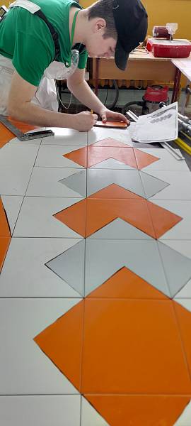 Чемпионат «Профессионалы» перевалил за экватор. Сегодня третий день чемпионата, а у наших участников по компетенции Облицовка плиткой второй из трех рабочих дней. Продолжается работа над модулями Б и В. Это раскрой плитки и ее монтаж. Еще 4 часа напряженной работы. Основная часть задания должна быть выполнена. Впереди последний рабочий день выполнения еще двух модулей Е и Ж. Пожелаем успехов конкурсантам.
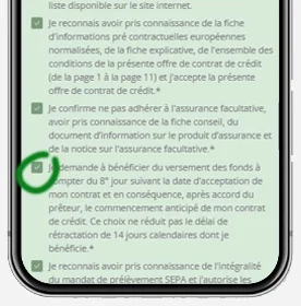 Lorsque votre demande est acceptée, vous demandez le virement anticipé sur la page de signature du contrat.
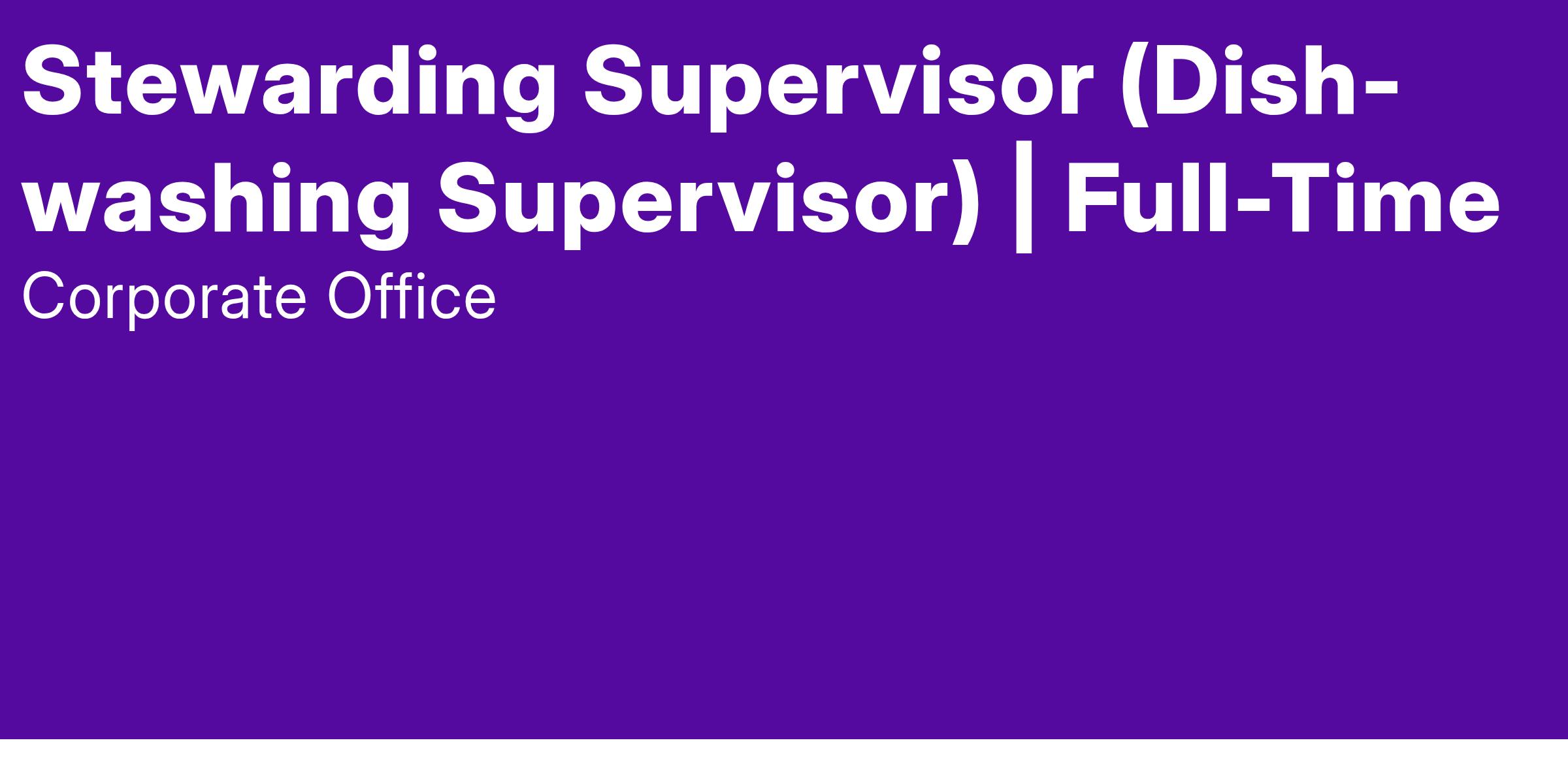 The Stewarding Supervisor role is to supervise the day-to-day operation of the department for a given shift. The Stewarding Supervisor is responsible for the control and distribution of operating equipment, maintenance of cleaning and sanitation standards, supervision of all utility, pot washer, dishwasher, and worker assignment tasks.
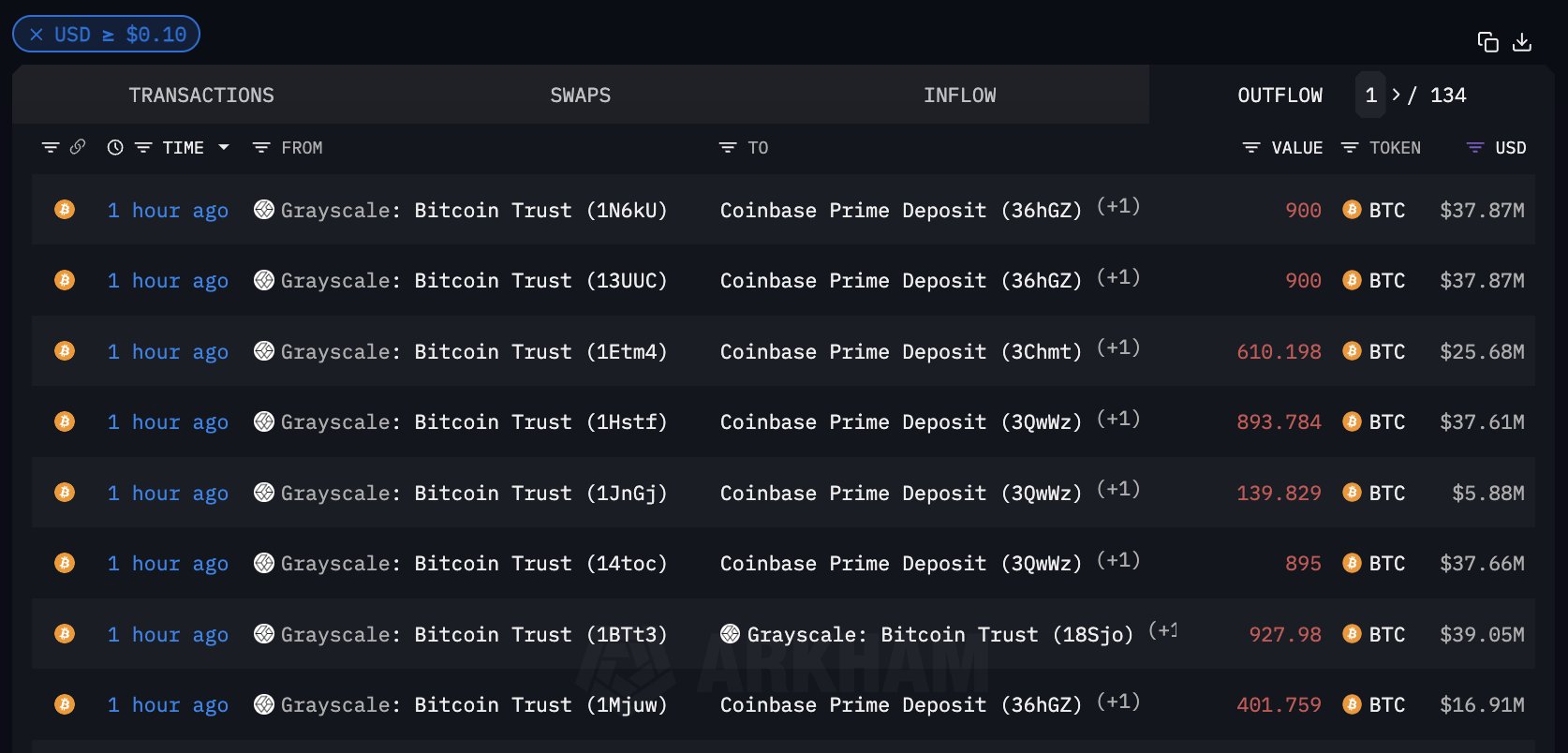 Today, Grayscale sent 6.9K BTC ($289.5M) to Coinbase.

### TASK TO CARRY OUT
Go through the material and set it down again exactly, but without any pictures.

### ANSWER TO THIS EXERCISE
 Чемпионат «Профессионалы» перевалил за экватор. Сегодня третий день чемпионата, а у наших участников по компетенции Облицовка плиткой второй из трех рабочих дней. Продолжается работа над модулями Б и В. Это раскрой плитки и ее монтаж. Еще 4 часа напряженной работы. Основная часть задания должна быть выполнена. Впереди последний рабочий день выполнения еще двух модулей Е и Ж. Пожелаем успехов конкурсантам.
 Lorsque votre demande est acceptée, vous demandez le virement anticipé sur la page de signature du contrat.
 The Stewarding Supervisor role is to supervise the day-to-day operation of the department for a given shift. The Stewarding Supervisor is responsible for the control and distribution of operating equipment, maintenance of cleaning and sanitation standards, supervision of all utility, pot washer, dishwasher, and worker assignment tasks.
 Today, Grayscale sent 6.9K BTC ($289.5M) to Coinbase.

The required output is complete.